**Description of the task**
Return the lines of the listing below exactly as they appear, beginning at the one with "Kis bizsu tétel" and stopping after the one with "Venez découvrir les"; do not include pictures.

**Given data**
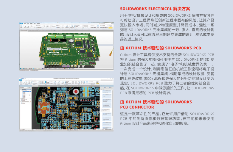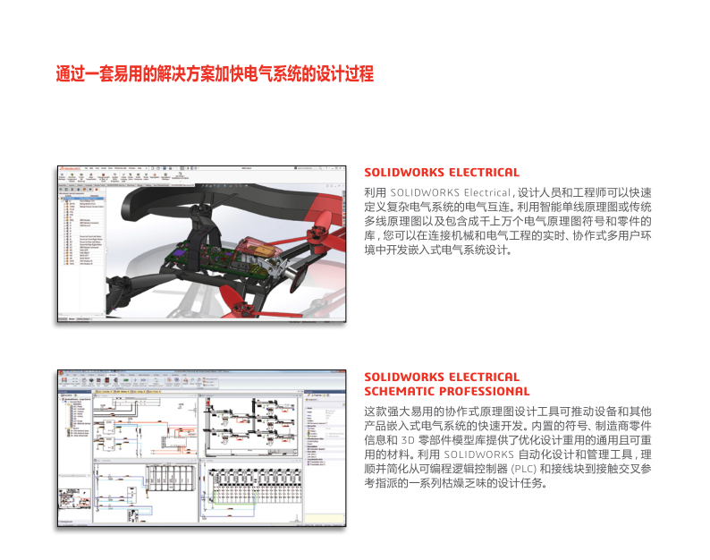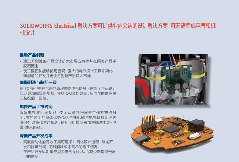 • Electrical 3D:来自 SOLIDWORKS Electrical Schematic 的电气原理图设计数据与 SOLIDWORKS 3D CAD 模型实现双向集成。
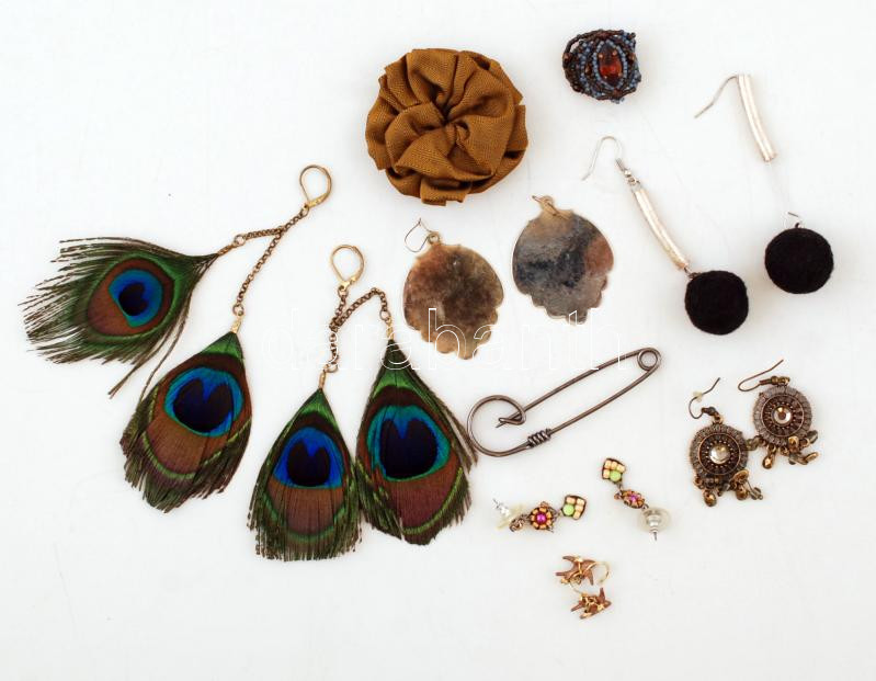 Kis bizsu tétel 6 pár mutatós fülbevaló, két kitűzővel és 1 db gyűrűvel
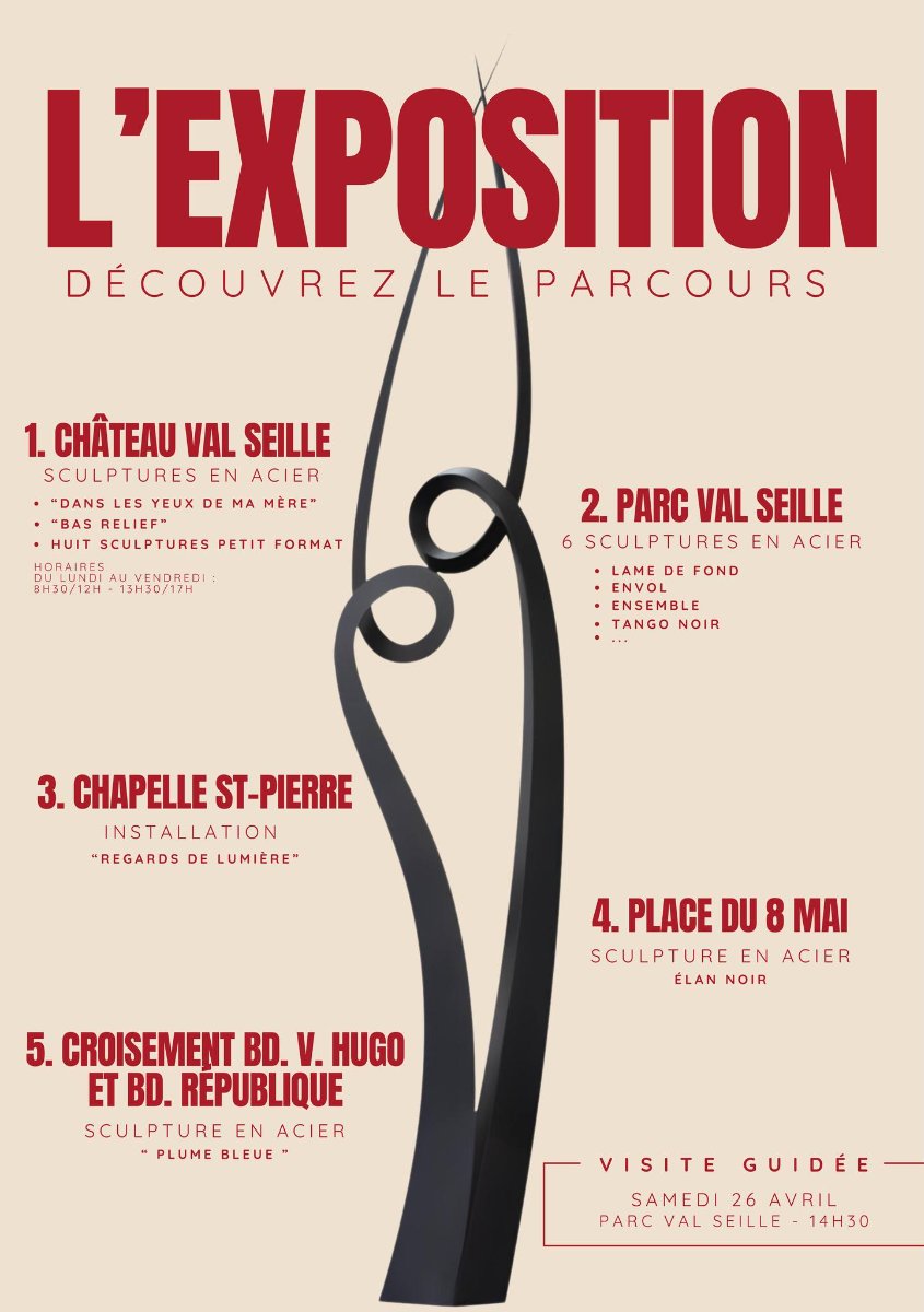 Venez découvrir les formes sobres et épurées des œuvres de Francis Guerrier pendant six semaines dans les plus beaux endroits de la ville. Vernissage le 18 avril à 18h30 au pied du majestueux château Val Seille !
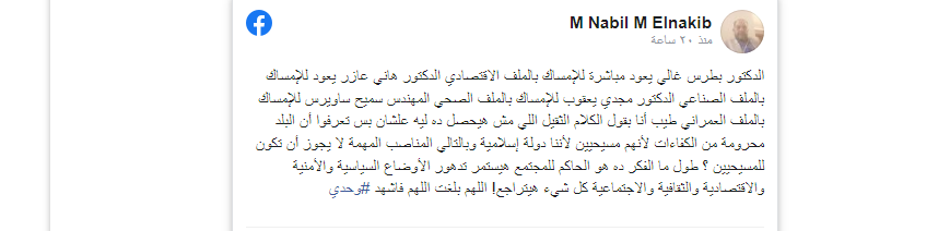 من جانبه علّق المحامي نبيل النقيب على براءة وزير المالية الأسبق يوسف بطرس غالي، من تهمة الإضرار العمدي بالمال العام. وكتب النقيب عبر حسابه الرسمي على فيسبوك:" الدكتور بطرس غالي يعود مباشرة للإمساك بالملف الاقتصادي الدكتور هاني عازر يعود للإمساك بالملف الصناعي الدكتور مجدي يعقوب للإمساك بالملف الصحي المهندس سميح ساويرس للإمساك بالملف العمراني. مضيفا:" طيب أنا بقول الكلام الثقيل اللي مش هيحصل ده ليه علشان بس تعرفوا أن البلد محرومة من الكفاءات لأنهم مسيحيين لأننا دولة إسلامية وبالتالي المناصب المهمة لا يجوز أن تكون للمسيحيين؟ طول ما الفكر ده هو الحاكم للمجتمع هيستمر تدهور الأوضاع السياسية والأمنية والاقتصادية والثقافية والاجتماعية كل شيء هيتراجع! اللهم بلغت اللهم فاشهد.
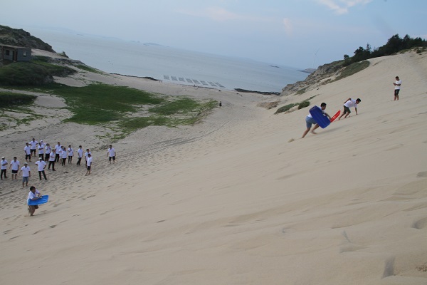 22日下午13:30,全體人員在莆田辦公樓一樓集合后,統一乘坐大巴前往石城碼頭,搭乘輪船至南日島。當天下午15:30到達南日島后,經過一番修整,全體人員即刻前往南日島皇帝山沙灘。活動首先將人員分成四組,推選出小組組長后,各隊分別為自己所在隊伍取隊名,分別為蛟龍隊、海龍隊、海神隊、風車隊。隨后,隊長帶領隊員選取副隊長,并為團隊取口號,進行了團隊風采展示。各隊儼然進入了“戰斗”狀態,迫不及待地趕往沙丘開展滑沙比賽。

**Solution for this task**
 Kis bizsu tétel 6 pár mutatós fülbevaló, két kitűzővel és 1 db gyűrűvel
 Venez découvrir les formes sobres et épurées des œuvres de Francis Guerrier pendant six semaines dans les plus beaux endroits de la ville. Vernissage le 18 avril à 18h30 au pied du majestueux château Val Seille !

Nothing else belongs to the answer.